If this is the standard definition, you don’t actually own anything.

Ownership exists within scope

Let’s say you own a house. You can knock down a wall if you’d like and redesign it. Or paint your house a different color. You can do this to your own house, but your neighbor cannot do it to your house. That’s because you own it, not them.

But wait, the HOA just said you can’t paint your house that color. And you when you moved into the neighborhood, you signed a covenant that says they can veto decisions on your major house renovations. Do you still own your house? Or do you pay a fee (even a small one) for the privilege of living in your “own” house?

If you don’t have an HOA, count yourself lucky. That is, until it’s time to file your annual property taxes. Yes, it’s usually cheaper than rent, but not always. At the end of the day, you still don’t own that house.

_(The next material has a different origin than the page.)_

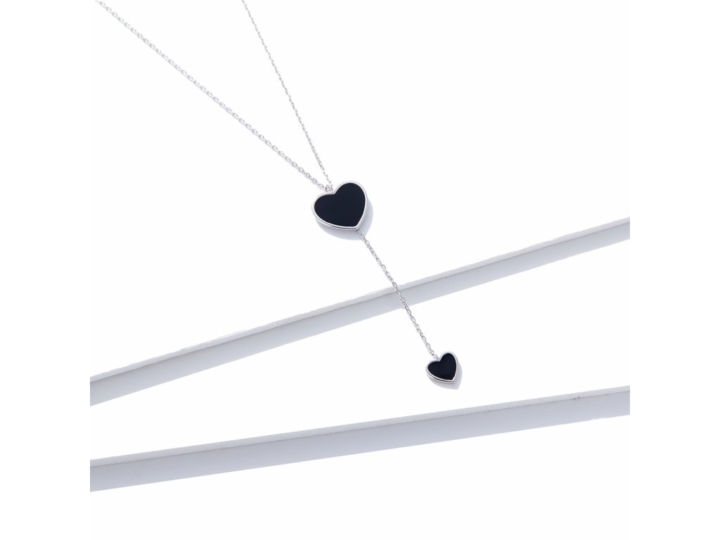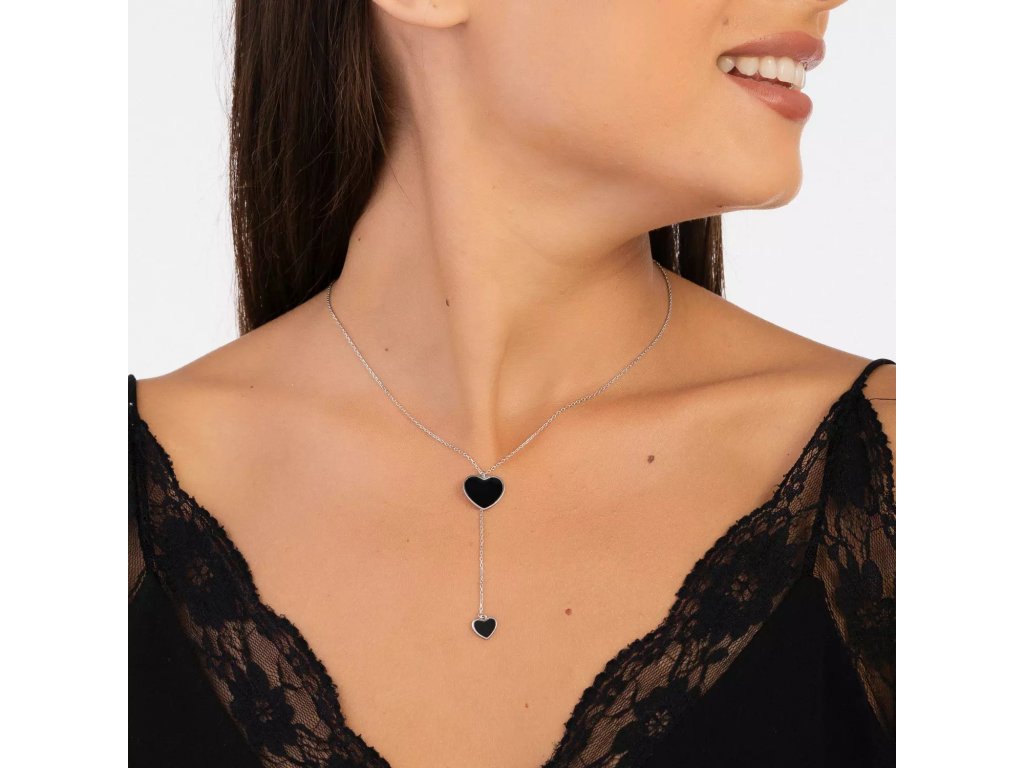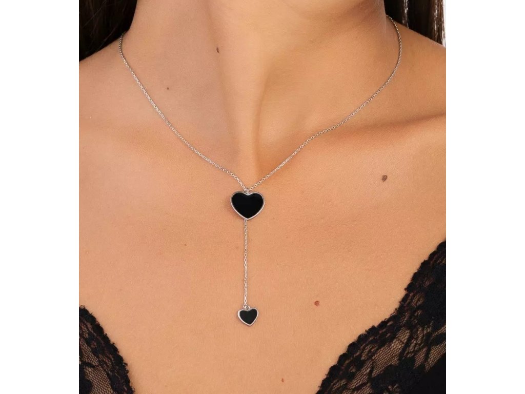 Elenys stříbrný náhrdelník Dvojitá černá srdce

  • You may own the building, but not the property it sits on or the dirt beneath it.
  • If you don’t pay your annual rent to the government, you can be evicted (in the form of more fines and eventual prison with continual refusal).
  • Eminent domain still exists and entire neighborhoods are taken off the map with this power.

Ownership exists but it’s not that simple. It exists within the scope of the system you’re in. The simpler the system, the closer you get towards true ownership. The more rules, the less control you ultimately have.

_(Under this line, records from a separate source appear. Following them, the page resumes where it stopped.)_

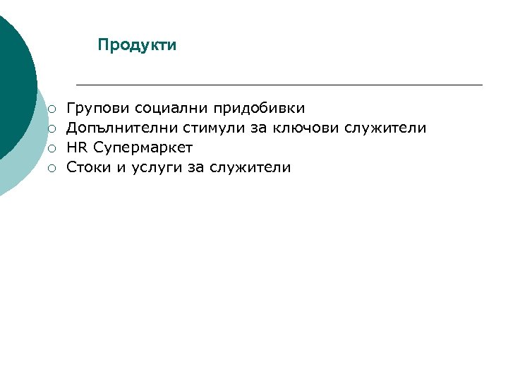 Продукти ¡ ¡ Групови социални придобивки Допълнителни стимули за ключови служители HR Супермаркет Стоки и услуги за служители
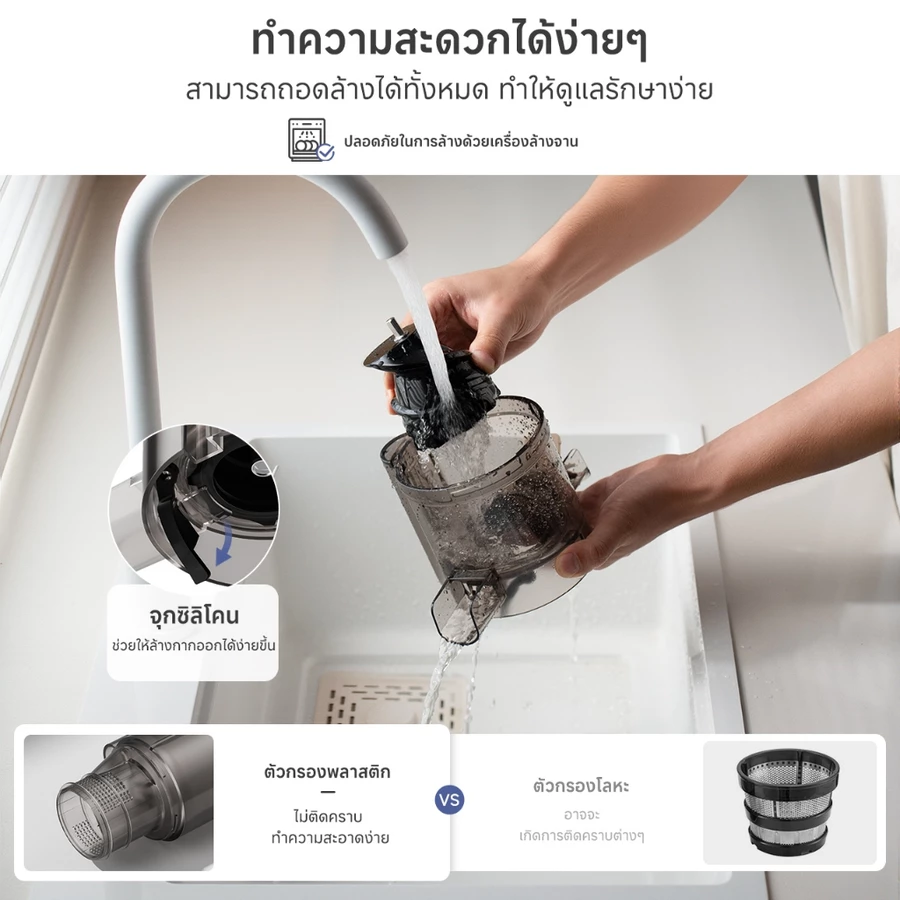 การล้างทันทีหลังใช้งานช่วยลดการเกาะตัวของกากผลไม้และป้องกันกลิ่นอับในตัวเครื่อง
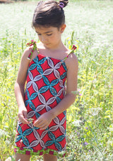 Este estampado de fondo rojo vibrante presenta motivos de aspas azules y blancas que, combinadas, forman círculos que se repiten al infinito. Muy popular en África occidental, este tipo de diseños geométricos se encuentran en muchos repertorios decorativos tradicionales, como el de los Igbo de Nigeria o el de los Kasena de Burkina Faso, por dar solo dos ejemplos.
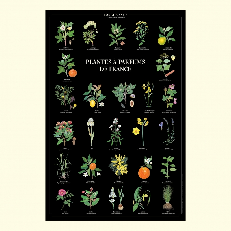 Affiche 40 x 60 cm - Plantes à parfums de France - Couleur du fond : Noire. Illustration d'Elena COFFE-MARIJCHUK - Collection Plantes à parfums . Plantes à parfums de France : Existe aussi en carte double 42 x 10 cm. 1. Ambrette (Abelmoschus moschatus) 2. Angélique (Angelica archangelica) 3. Badiane (Illicium verum) 4. Balsamine (Tanacetum balsamita) 5. Bergamote (Citrus bergamia) 6. Bigarade (Citrus aurantium) 7. Cannelle (Cinnamomum verum) 8. Cassie (Vachellia farnesiana) 9. Citron (Citrus limon) 10. Fève tonka (Dipteryx odorata) 11. Genêt d’Espagne (Spartium junceum) 12. Géranium (Pelargonium graveolens) 13. Girofle (Syzygium aromaticum) 14. Iris (Iris) 15. Jasmin (Jasminum grandiflorum) 16. Jonquille (Narcissus jonquilla) 17. Lavande (Lavandula angustifolia) 18. Lemongrass (Cymbopogon flexuosus) 19. Mandarine (Citrus reticulata) 20. Mimosa (Acacia dealbata) 21. Orange (Citrus sinensis) 22. Patchouli (Pogostemon cablin) 23. Rose (Rosa centifolia) 24. Santal (Santalum album) 25. Tubéreuse (Polianthes tuberosa) 26. Vanille (Vanilla planifolia) 27. Vétiver (Chrysopogon zizanioides) Sauvegarder la biodiversité, c’est aussi protéger les variétés et les espèces végétales cultivées.

The only things you may truly “own” are that which have little to no resale value—e.g., a university degree. No matter how much you paid for it, you cannot resell your degree to the next highest bidder. It is created like a commodity, but received bespoke.

Ironically, despite the little resale value, it is still possible for the issuing university to revoke your degree. While rare, this is still possible, and should underline how most high-value items we own (house, car, education) are given to us only with strict enough regulation to prevent true ownership from taking place.

Without attacking the morality behind the law, your rights to your own body are limited. You are free to give a kidney away, but not free to sell it. I am in no way advocating for this law to change, but again underlining the fact that you do not have full ownership of your own body.

Other examples of “shared” ownership:

  • You have a natural copyright on anything you create—unless your employer feels like you were creating something that would compete with their own product
  • New employees are forced to join the workers union—not at the behest of the company, but the other employees
  • In a divorce, at some governments can still mandate splitting of assets acquired in marriage regardless of a prenup
  • Your car requires registration and annual environmental checks to legally be driven
  • A 1% shareholder can move a stock’s price 5% by simply sharing an open letter

I’m not arguing these rules are even unjust—just pointing out their existence.

So what’s the point?

Simply this: if you don’t own all of it, keep in mind who does. They are your partner so you have to work with them, whether you like it or not.